A shrug. “It wasn’t hard. I was the senior policeman, and it was believable. No morgue here, so we had to drive her to Labasa and the doctor there knew me since I was a young officer, accepted what I said. Terrible accident.”
“Weren’t you afraid he’d do it again?” It took all my strength to keep my voice even. “Kill someone else?”
“He?” Taking out his cigarette, Kamal stared at me. “It wasn’t the boy. Little Diya got jealous of her cousin-sister being gifted a new doll and hit her. She was so small herself, had no idea what she was doing.” He sighed. “She was standing there with the doll in her hands when I got there, her dress all splattered with blood. Yellow hair and blue eyes, I remember that doll had yellow hair and blue eyes.”
Chapter 32
Susanne
Nothing tasted right anymore, not even the ginger drinks Tavish made her with such care. Susanne sipped this one nonetheless, unwilling to hurt his feelings.
“You’re in pain.” He tucked another pillow behind her. “How bad is it?”
Sighing, she put the drink on the bedside table. “It feels as if my spine is crumbling inside me.” She hadn’t been to the oncologist again, already knew what he was going to tell her—the cancer had spread, likely to her bones. “Be a sweetheart and open up the curtains a bit more.”
Tavish moved to do as she’d requested, Singapore a spread of glittering buildings and water on the other side. “You should see Dr.Chua,” he said when he turned back to face her. “This is moving too fast. He said you’d have longer.”
Oh, but he was having a hard time handling her mortality. “It’s too late now, Tavish,” she said gently, and patted the spot beside her on the bed. “I can feel the disease eating at me in greedy bites.”
He came, picked up the drink. “Have a little more,” he coaxed. “You’relosing so much weight—I tried to bulk this up with protein powder and honey.”
Susanne took another sip to please him but couldn’t stomach the taste. Nudging it away, she said, “I’d have had maybe a twenty-five percent chance of beating this if I’d started aggressive treatment straightaway, but I chose another path, and unfortunately, I gambled wrong.”
It wasn’t that she hadn’t had some good time after the diagnosis, just that the time had been too short, the end of her life a sharp and jagged descent rather than a gradual slope. Now the only thing left to discuss was how she would spend her final days.
In pain, slowly losing control of God only knew what function.

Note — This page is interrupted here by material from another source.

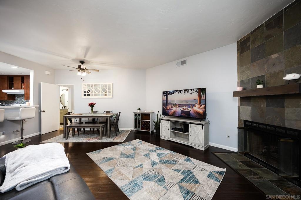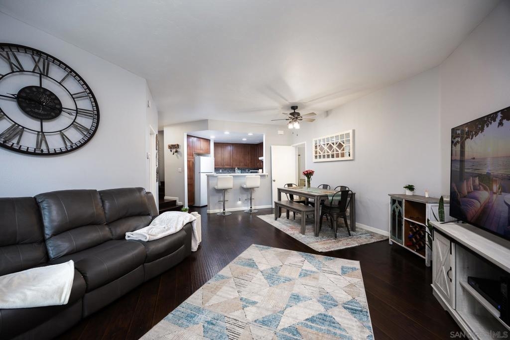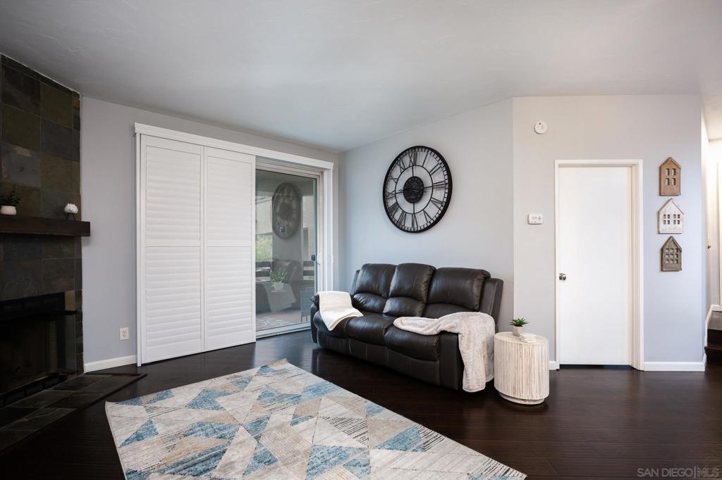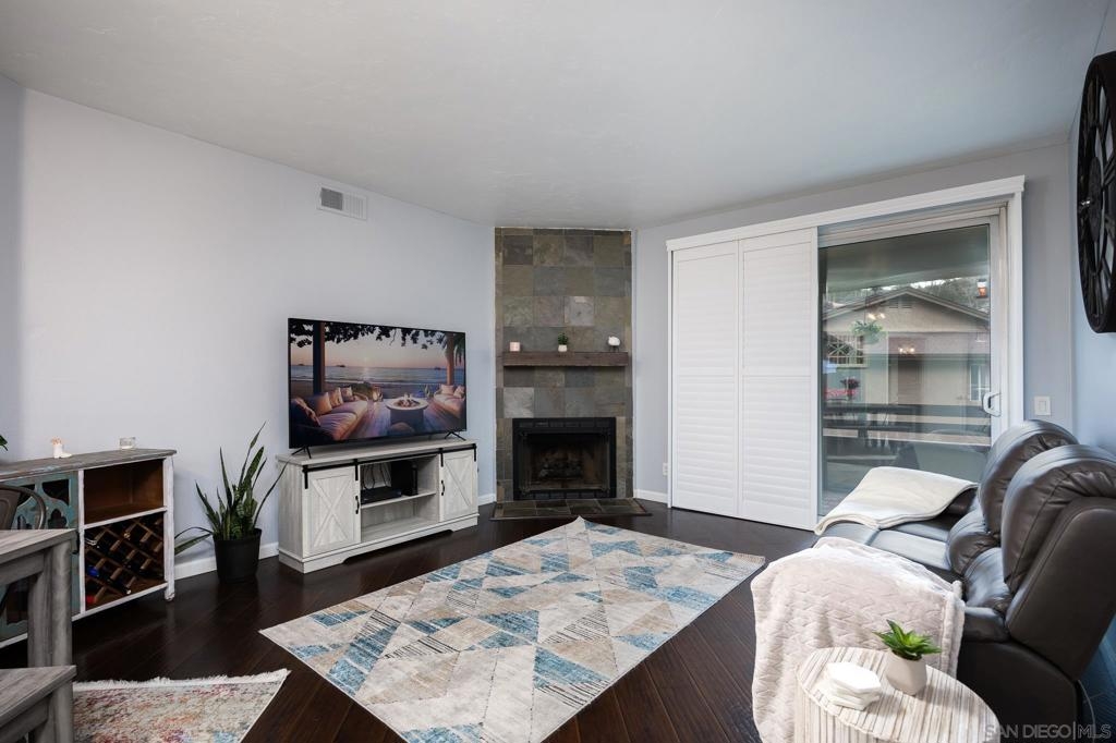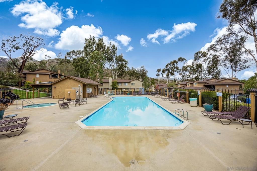 Discover this beautifully updated townhome in the west foothills of Santee, offering modern style and convenience! This 2-bedroom, 2-bathroom home is designed for comfort, with bedrooms positioned on opposite sides of the unit, creating a dual primary suite feel—ideal for privacy. Featuring hard flooring throughout, a stylish tiled fireplace, and a bright, open layout, this home exudes contemporary charm. The updated kitchen boasts newer cabinets, natural stone countertops, and ample storage, making it perfect for home chefs. Enjoy the convenience of an attached one-car garage equipped with an EV charger, as well as a washer and dryer. The home also provides two additional assigned parking spaces! Step outside to your large private patio, which overlooks a lush green space, providing a peaceful retreat. With community amenities like a swimming pool, spa, playground and your own access to mission trails hiking trails this property provides it all!

Or…“Tavish, my sweet boy, I need you to do something for me.”
Chapter 33
A rattle from inside Kamal’s house that felt like a drum in my head, the world too loud, too bright, the words the older man had spoken bile in my throat.
It wasn’t the boy.
Yellow hair and blue eyes…
…her dress all splattered with blood.
A thin and wrinkled woman in a loose floral dress followed the noise onto the porch. “You need to take your medicine.” She shoved a bottle into Kamal’s hand with those words spoken in Hindi, her tongue as sharp as the edge of a knife.

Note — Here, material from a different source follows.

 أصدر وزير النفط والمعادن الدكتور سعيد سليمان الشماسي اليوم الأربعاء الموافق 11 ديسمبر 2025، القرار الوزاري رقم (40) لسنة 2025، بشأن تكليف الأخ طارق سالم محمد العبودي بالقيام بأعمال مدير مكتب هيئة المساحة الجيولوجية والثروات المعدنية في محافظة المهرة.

Grunting, Kamal said, “Fine,I’llget the water.”
My mind was still roaring when the woman spoke after her husband was gone. “Only English?” The question was hard and flat.

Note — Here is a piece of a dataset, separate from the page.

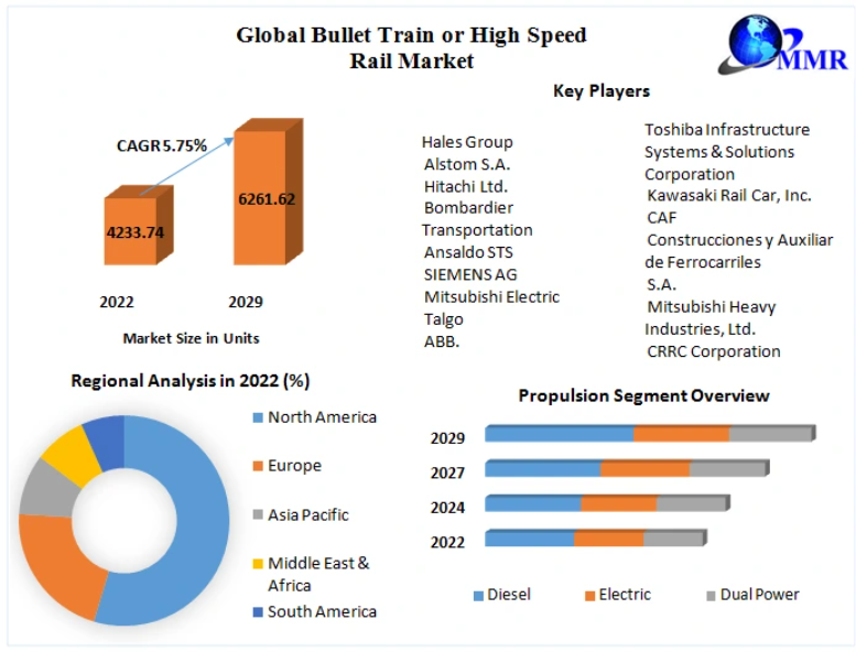 The Global Bullet Train / High-Speed Rail Market continues to gain momentum, with deployments expected to reach 6,261.62 units by 2029, rising from 4,233.74 units in 2022, at a CAGR of 5.75%. High-speed rail (HSR), characterized by operating speeds of 250 km/h and above, is rapidly transforming national transport systems by offering fast, reliable, and sustainable long-distance mobility.

I somehow managed to comprehend what she wanted to know, and found the right words to string together in my grandparents’ mother tongue. “No. I…understand Hindi. Speaking…not…so…” I just shook my head at the end.
That seemed to be enough for her, however, because she began to speak in rapid-fire Hindi it took all my concentration to follow. “I never thought it was Diya beti—or that it was about a doll. She usedto play for hours with Ani, shared all her toys. Diya loved Ani.” She sniffed. “That brother of hers, now, he was a bully. No surprise after the way his own father bullied him.”
I stared at her, my focus snapping back into brilliant color. “You…” Halting, I fought to find the right words. “You…think…Bobby…hurt Ani?”
“Not my place to say. I’m not the police officer.” She picked up the ashtray and threw the butts into a little trash can under the table.
“Please,” I said.
Rubbing her back, she rose. “I’m just saying Diya beti didn’t talk too well even at five. They wouldn’t take her at the school even when they took other children her age, said she had to start talking properly first. But Bobby sahib, oh, he could talk and talk—and that Shumi, she thought he was better than a movie star.”
A roll of her eyes. “The girl would’ve parroted anything Bobby told her to say. And I know my husband likes to talk about the blood on Diya’s dress, but the poor child could’ve just been standing there when it happened. Or the boy could’ve put it on her on purpose. He was vicious even back then, and Diya didn’t talk at all for days and days after.”